2. To compare the accuracy of the segmentation as a classification method for diseased pixels, manual classification was used as a ground truth technique.

a) For manual classification of the original red band, the Training Sample Manager was used. This allows for manual classification which can be used for supervised machine learning techniques of classification. Here, I simply used it to select diseased regions manually, but have an end goal of using the support vector machine learning model.

b) To get to the Training Sample Manager, go to the Imagery tab and Image Classification group and select the Classification Tools where you can click Training Sample Manager. In the Image Classification window pane go to create new scheme. Right click on New Scheme and Add New Class and name it diseased pixels and supply a value which is arbitrary and a description if desired. Click ok and select the diseased pixels scheme and then the Freehand tool in the pane. Draw an outline around the diseased regions in the image. Save these polygons and the classification scheme. Go to Add data in the Layer group on the Map tab to upload the training sample polygons.

c) Once the polygons are uploaded, use the Polygon to Raster protocol which can be found in step 1, part (f) followed by part (g).

Fragstats was used for the analysis of the polygons. For exercise 1 the intent in Fragstats was to simply obtain information about the diseased patches that were extracted from the red band image. This included the pixel number, area, perimeter, perimeter-area ratio and shape index. Many more options were available for patch analyses and will be considered for exercise 2.

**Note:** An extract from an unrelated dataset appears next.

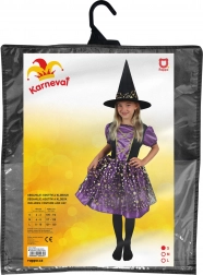 Geef de kleine tovenares een outfit waarin ze straalt op elk feestje. De paars‑zwarte jurk met gouden stippen, geplooide mouwtjes en een opvallende rok creëert een betoverende look die de aandacht trekt. De bijpassende hoed maakt het kostuum compleet en klaar om meteen te dragen.
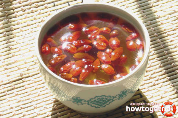 - You can also make black tea from such fruits. For such a recipe, you need a quarter liter of water, 3 teaspoons of goji. It will take 5 drops of lemon juice.Before preparing such a drink, you need to rinse the berries and pour boiled water. Next, you need to insist the preparation of a third of an hour. After this, the infusion should be filtered and pour lemon juice. If you want, you can use a similar drink unbroken. You can put honey to your taste.

1. Open up Fragstats for the patch analysis.

a) To import your first image click Add layer and go down to GeoTIFF grid and select it. In the Dataset name, search for your tiff file you created in ArcGIS Pro and select it and click ok. You have to do this for each of the datasets. Then go to the Analysis parameters and click Patch metrics in the Sampling strategy. For General options hit Browse to find a location for the output to save and click the Automatically save results checkbox.

b) Click on the red box called Patch metrics and in the Area – Edge tab select the Patch Area and Patch Perimeter. Click on the Shape tab and click Perimeter – Area ratio and Shape Index.

c) In the upper left corner, you can hit Run and it will check everything you have uploaded and the analysis you have selected. You must then hit Proceed after it checked the model consistency and it runs the analyses.

d) After this hit the Results options for viewing the output.

Results
The patches aligned pretty well through visualization in ArcGIS Pro when comparing the two layers. The comparison between patches will be done in exercise 2. I did notice that the segmentation process missed many of the smaller diseased patches. Looking at Image 2, you can see that they were segmented from the surrounding regions but were lumped into a bin with that caught areas that appeared lighter in the image because of a reflection. Different thresholds could be used in the segmentation process in order to include those smaller patches. This could maybe be done if they followed a parameter involving shape. This may be considered for future segmentation. A concern is that you set the threshold too low and it includes many regions that aren’t diseased but include all the diseased regions also. This would result in many false positives for disease. The alternative is to set a high threshold value for diseased regions which would result in false negatives. The idea is to find a good balance between the two. Currently the segmentation is strictly based on the segments value which is attributed to the reflectance in the red band. As mentioned another parameter worth considering is shape. Since the diseased regions tend to be leaf spots resulting in a circular area typically, adjustments could be made to include more circular patches that don’t extend past a certain number of pixels. In table 1 we see that number of pixels for patches ranges from 8 to 50. The patch analysis provides some insights into possible spatial factors that explain these segmented regions and how the classification process could be done more accurately.

Table 1. Showing the 11 different patches that were manually selected and analyzed in Fragstats. The color indicates the corresponding patch that was detected through segmentation shown in Table 2.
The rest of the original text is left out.